Nguyễn Văn Toàn (October 6, 1932 – October 19, 2005) was born in Huế and served as a general in the Army of the Republic of Vietnam (ARVN).

Military education

Toan graduated from the Dalat Military Academy in 1952 and became an armor officer.

Military assignments
   Lieutenant General, III Corps Commander.
   Armor Commander.
   II Corps Commander.
   Major General, Armor Commander.
   Brigadier General, 2nd Infantry Division Commander.
   Colonel, 1st Infantry Division Deputy Commander.
   Lieutenant Colonel, 5th Armor Squadron.
   Major, Superintendent of Armor School.
   Captain, Armor Battalion Deputy Commander - Commander.
   Lieutenant, Armor Company X.O.
   First Lieutenant, Armor Platoon Leader.
   Cadet, 3-5 Class of Dalat Military Academy.

Military campaigns
Toan was relieved of command of the 5th Armored Squadron when his retreating armored elements killed over two dozen South Vietnamese Rangers. He returned to political favor when the officer that relieved him, General Nguyen Chanh Thi, was exiled for his unpopular political views. From 1968 to 1972, Toan served as a brigadier general commanding of the 2nd Infantry Division. During this period he was reportedly to have made a fortune dealing in black market cinnamon taken from his division's area of operations, earning him the nickname The Cinnamon General. Through the patronage of Nguyễn Cao Kỳ he was promoted to lieutenant general and became assistant operations officer and armor commander in I Corps.
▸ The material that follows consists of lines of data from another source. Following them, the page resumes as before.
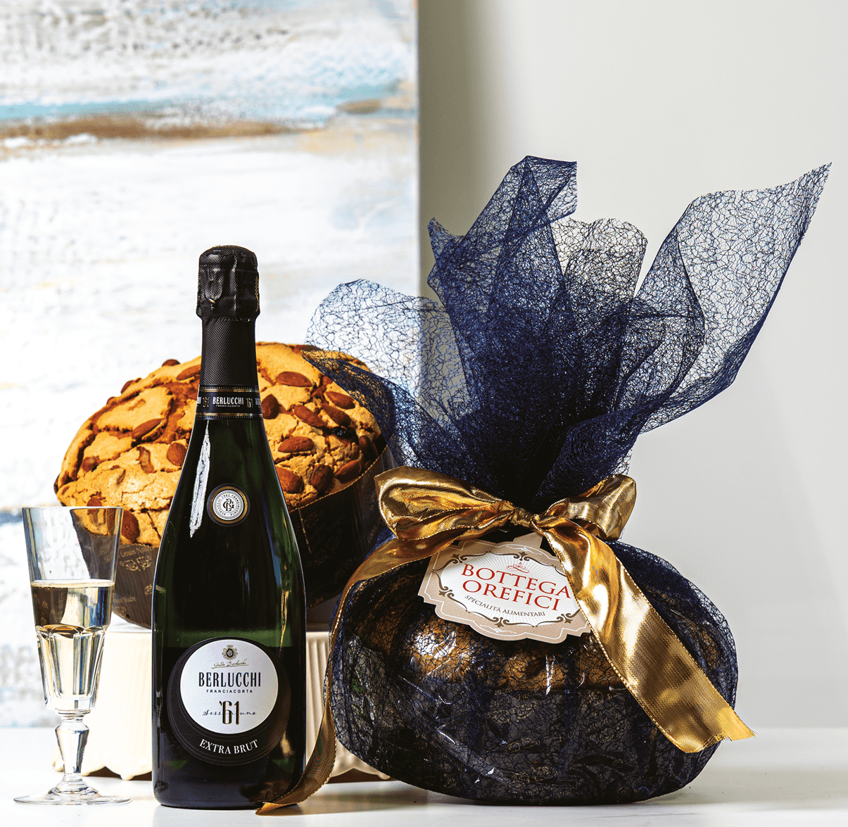 Confezione di pregio da due pezzi che abbina l'eccellenza del Franciacorta DOCG extra brut Storica ‘61 Berlucchi con il Panettone basso glassato alle mandorle incartato a mano Bottega Orefici.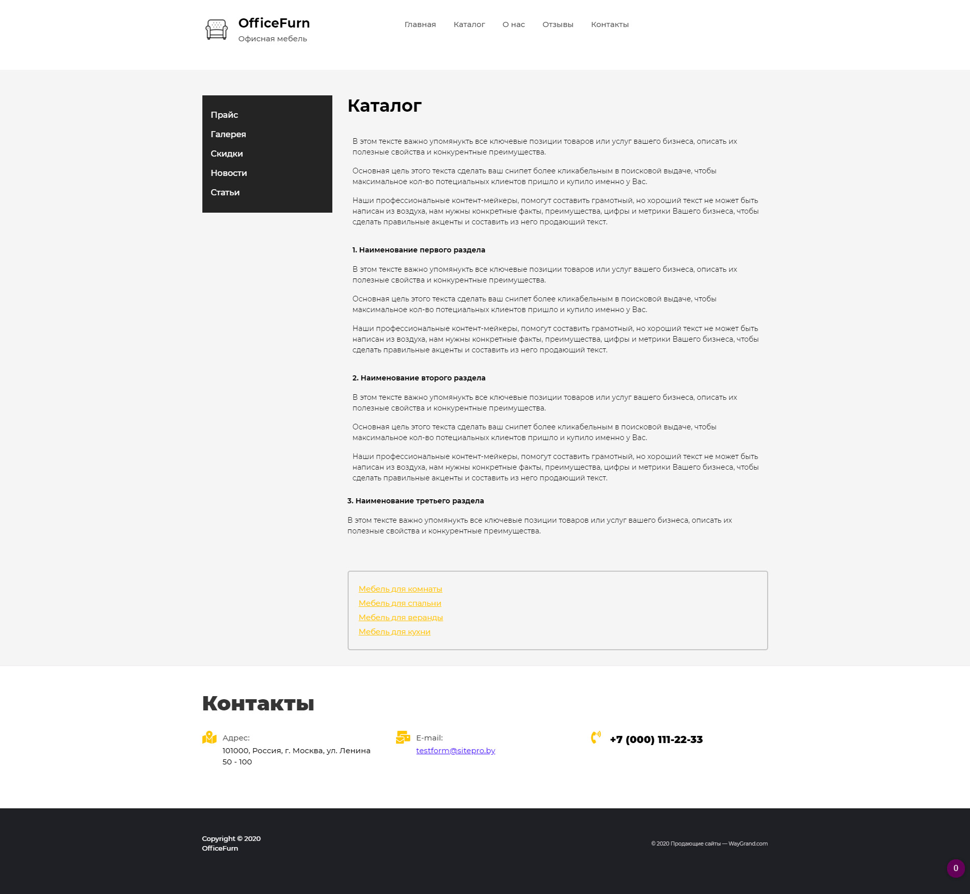 Закажите готовый продающий сайт визитка #0921301 в Каменск-Уральском за 5-7 дня «под ключ»: свёрстан, отрисован и готов к рекламе. Тематика шаблона «Офисная мебель».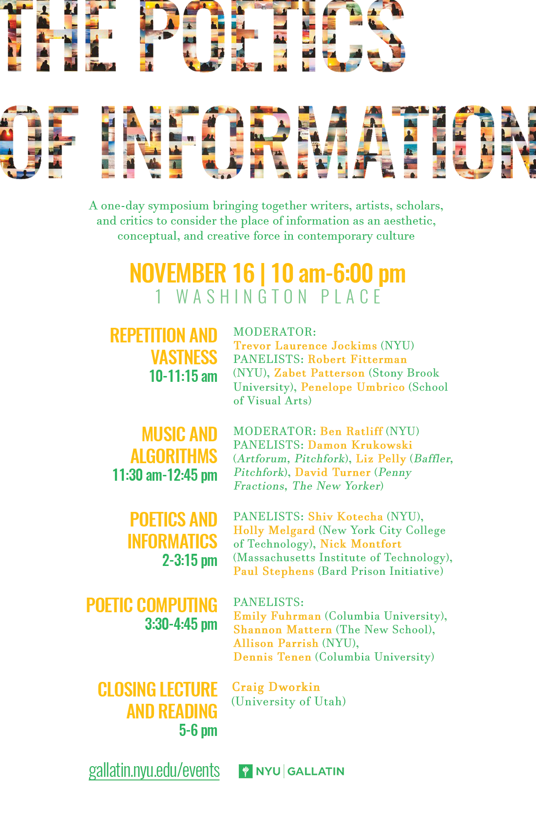 One last thing, if you happen to be in New York City and are somehow free at 11:30, please do catch me at The Poetics of Information Symposium hosted by New York University at 1 Washington Place. I’ll be on a panel with Liz Pelly (da gawd) and Damon Kurkowski (goat), who I’ve cited here before, which will be moderated by Ben Ratliff (da gawd II). Below is a flyer, if you can make it let me know and I can say hey!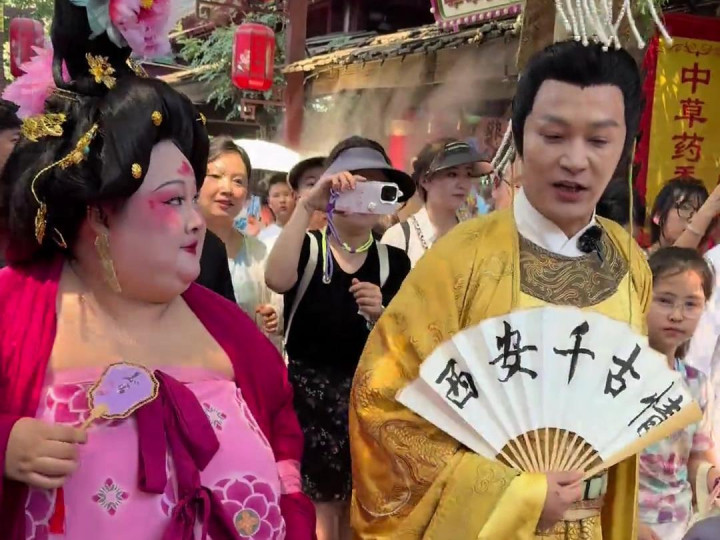 他每天王人要衣着近二十斤重的龙袍,在景区里上演泼水、互动,协作旅客拍照、直播打卡,一天要演八场,每场四十五分钟,一场王人不可落下。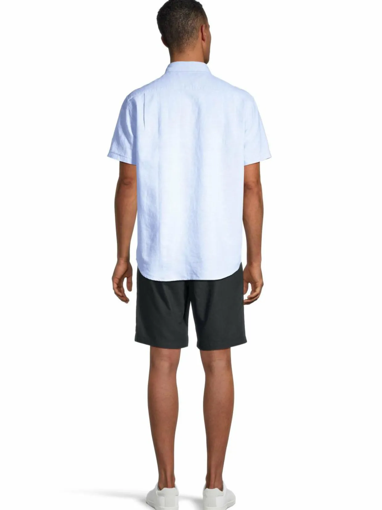 Construen Taustin-shortsit on valmistettu hengittävästä, rennon ilmeen luovasta puuvilla-pellavasekoitteesta. Housuissa on joustavasti poimutettu vyötärö, jota voi säätää nauhoilla. Mallissa on avoimet sivutaskut ja napilliset takataskut. Nämä housut ovat viileä ja mukava valinta kuumiin kesäpäiviin.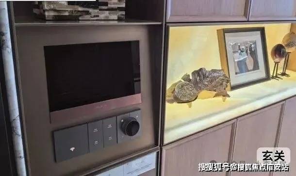 入户这座铸铝门,质感厚重;通顶玄关柜,内置消毒精灵,奢石把手+奢石台面更显海派温润气质,玄关地面都铺上了海上·清和玺的logo拼花,小小玄关做到了既实用又美观。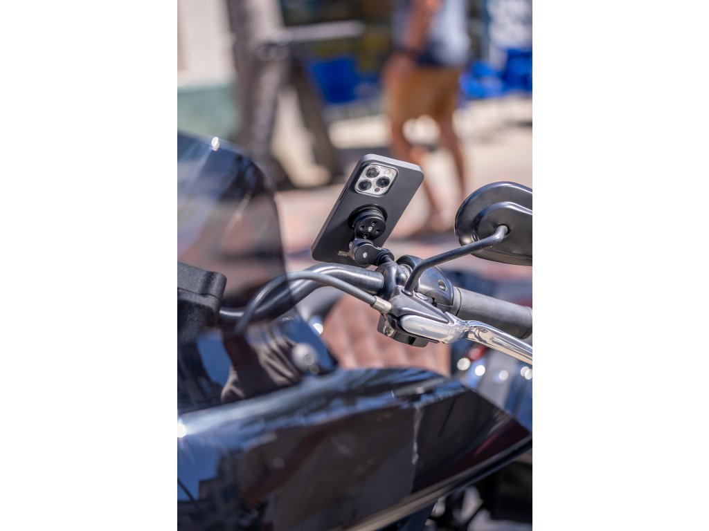 Napolohuj držák Bar Clamp Mount Pro na svých řídítkách. Držák z leteckého aluminia do svorek řídítek na motorce s plně nastavitelnou hlavou. Pomocí ramene si nastavíš náklon a zvolíš i orientaci telefonu.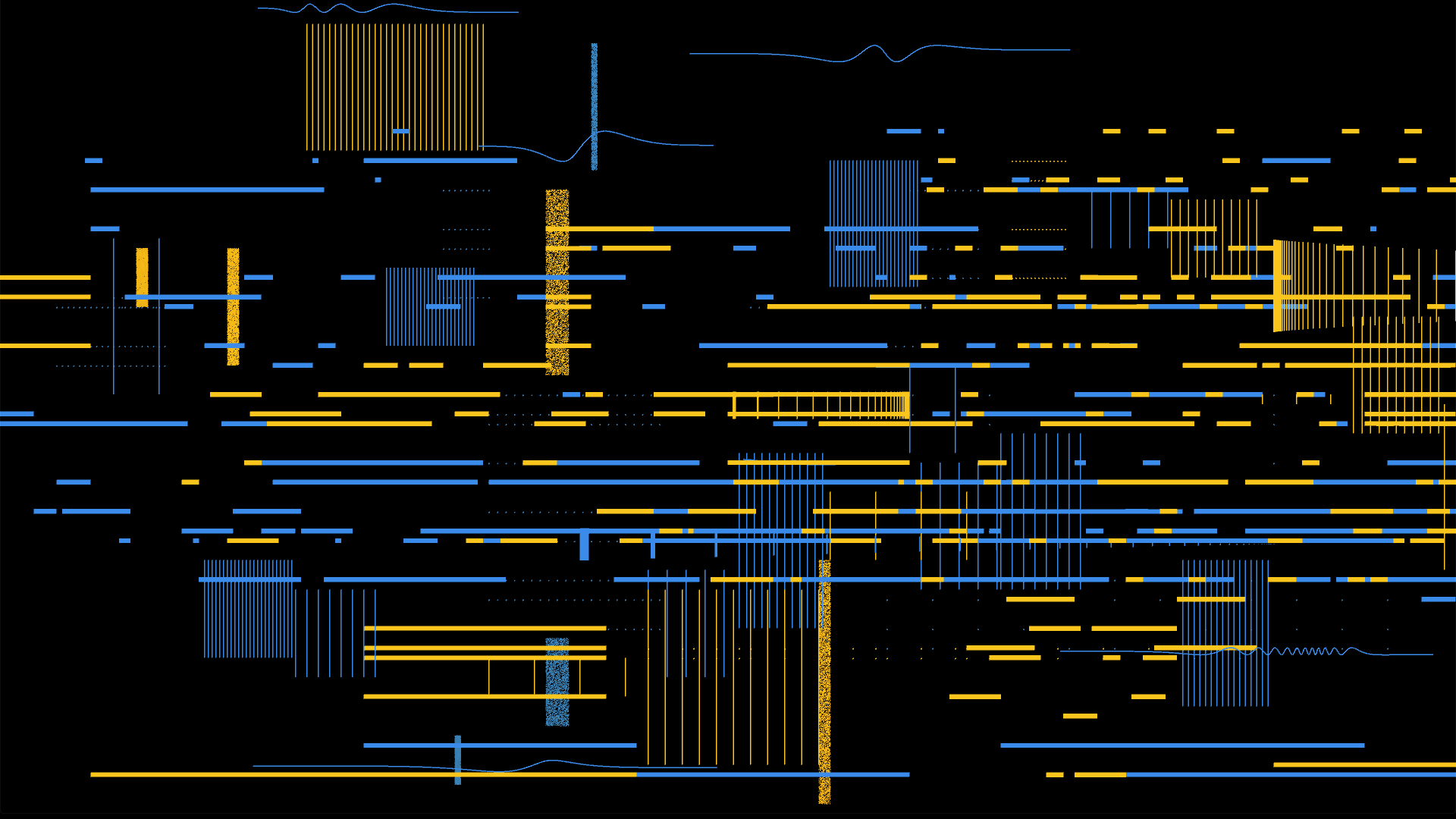 «Se trata de un sistema algorítmico de generación gráfica y sonora, inspirado en el arte procedural de Sol Lewitt o Vera Molnar, el universo gráfico de la Bauhaus y la búsqueda en notación gráfica de compositores como John Cage. En la muestra, el programa se plasma en una instalación audiovisual formada por un conjunto de pantallas y altavoces, inspirado en la exposición de cuadros o fotografías. En este caso, sin embargo, lo que se expone son imágenes digitales en alta resolución. Cada pantalla con su respectivo altavoz representa uno de los instrumentos musicales de un cuarteto, que va generando en tiempo real composiciones audiovisuales únicas, que nunca volverán a repetirse«.

During the initial phases of the North Vietnamese Easter Offensive in March 1972, Toan performed well, especially in the defense of Dong Ha, but he fell under the same cloud as his commander, Lieutenant General Hoang Xuan Lam, when the ARVN defense in I Corps collapsed. It was at this point that Toan's political connections again became paramount when he was moved south on 10 May to take command of II Corps after the physical and emotional collapse of General Ngo Dzu. He took command at a point when the Central Highlands had become the second front of the offensive. Fortunately for Toan, his senior U.S. advisor, John Paul Vann was fighting the battle for him. When the conflict settled down to a struggle for the city of Kontum, Toan cleverly attended to administrative matters and left operational control in the hands of Vann and Ly Tong Ba, commander of the 23rd Division.

Toan notorious for his corruption, remained in the command of II Corps until 1974 when he was relieved of command by President Nguyen Van Thieu during an anti-corruption campaign. 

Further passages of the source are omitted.